● **Work instruction**
Output all of the lines below exactly, and leave out each image.

● **The records**
::::::::::

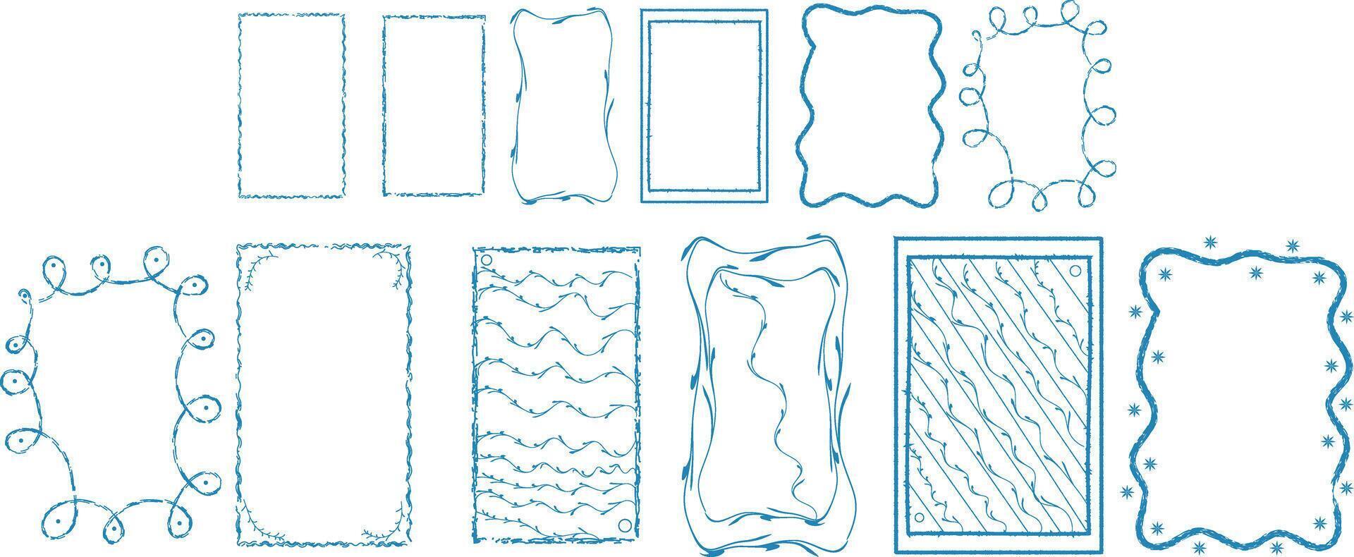 Collection Of Blue Decorative Frames In Various Styles With Artistic Textured Edges On Transparent Background Pro Vector
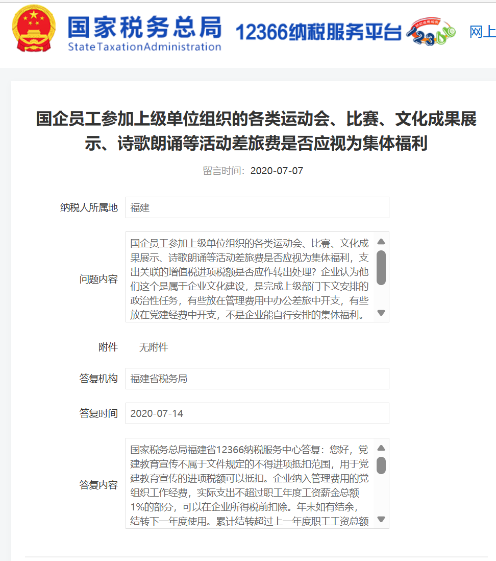 国企员工参加上级单位组织的各类运动会、比赛、文化成果展示、诗歌朗诵等活动差旅费是否应视为集体福利,支出关联的增值税进项税额是否应作转出处理?企业认为他们这个是属于企业文化建设,是完成上级部门下文安排的政治性任务,有些放在管理费用中办公差旅中开支,有些放在党建经费中开支,不是企业能自行安排的集体福利。应当是一种中国社会主义特色的行政管理性支出,所得税应当允许扣除,增值税进项也应当予以抵扣。另一问题,增值税对什么是集体福利是否有相关文件进行规范?
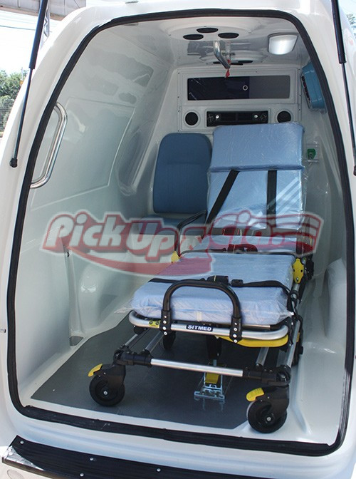 - Uma tampa traseira inteiriça com abertura na vertical a fim de facilitar a entrada e saída do paciente em local com transito intenso;
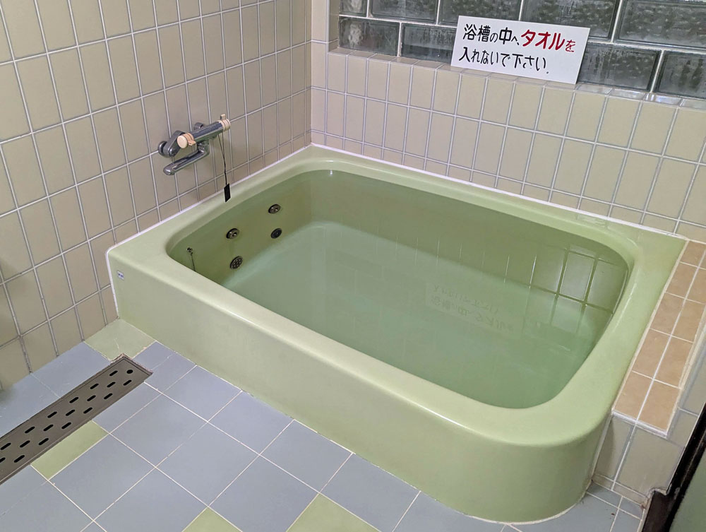 お風呂は一般的な家庭のお風呂のようでした。男女には別れておらず、空いていれば自由に利用できます。源泉かけ流しで滞在中入り放題。やわらかいやさしいお湯で最高でした。露天風呂はありませんが、近くの薬師の湯を割引で利用できるそうです。
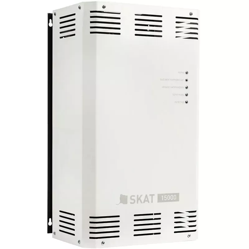 Стабилизатор напряжения SKAT ST-15000 обеспечивает качественное питание нагрузки в широком рабочем диапазоне входного напряжения от 140 до 275 В, расширенный диапазон составляет 80–285 В. Точность стабилизации достигает 7%; скорость переключения — 0,01 секунды. Стабилизатор рассчитан на подключение к нему оборудования с потребляемой номинальной мощностью до 11000 Вт.

::::::::::

● **Output**
 Collection Of Blue Decorative Frames In Various Styles With Artistic Textured Edges On Transparent Background Pro Vector
 国企员工参加上级单位组织的各类运动会、比赛、文化成果展示、诗歌朗诵等活动差旅费是否应视为集体福利,支出关联的增值税进项税额是否应作转出处理?企业认为他们这个是属于企业文化建设,是完成上级部门下文安排的政治性任务,有些放在管理费用中办公差旅中开支,有些放在党建经费中开支,不是企业能自行安排的集体福利。应当是一种中国社会主义特色的行政管理性支出,所得税应当允许扣除,增值税进项也应当予以抵扣。另一问题,增值税对什么是集体福利是否有相关文件进行规范?
 - Uma tampa traseira inteiriça com abertura na vertical a fim de facilitar a entrada e saída do paciente em local com transito intenso;
 お風呂は一般的な家庭のお風呂のようでした。男女には別れておらず、空いていれば自由に利用できます。源泉かけ流しで滞在中入り放題。やわらかいやさしいお湯で最高でした。露天風呂はありませんが、近くの薬師の湯を割引で利用できるそうです。
 Стабилизатор напряжения SKAT ST-15000 обеспечивает качественное питание нагрузки в широком рабочем диапазоне входного напряжения от 140 до 275 В, расширенный диапазон составляет 80–285 В. Точность стабилизации достигает 7%; скорость переключения — 0,01 секунды. Стабилизатор рассчитан на подключение к нему оборудования с потребляемой номинальной мощностью до 11000 Вт.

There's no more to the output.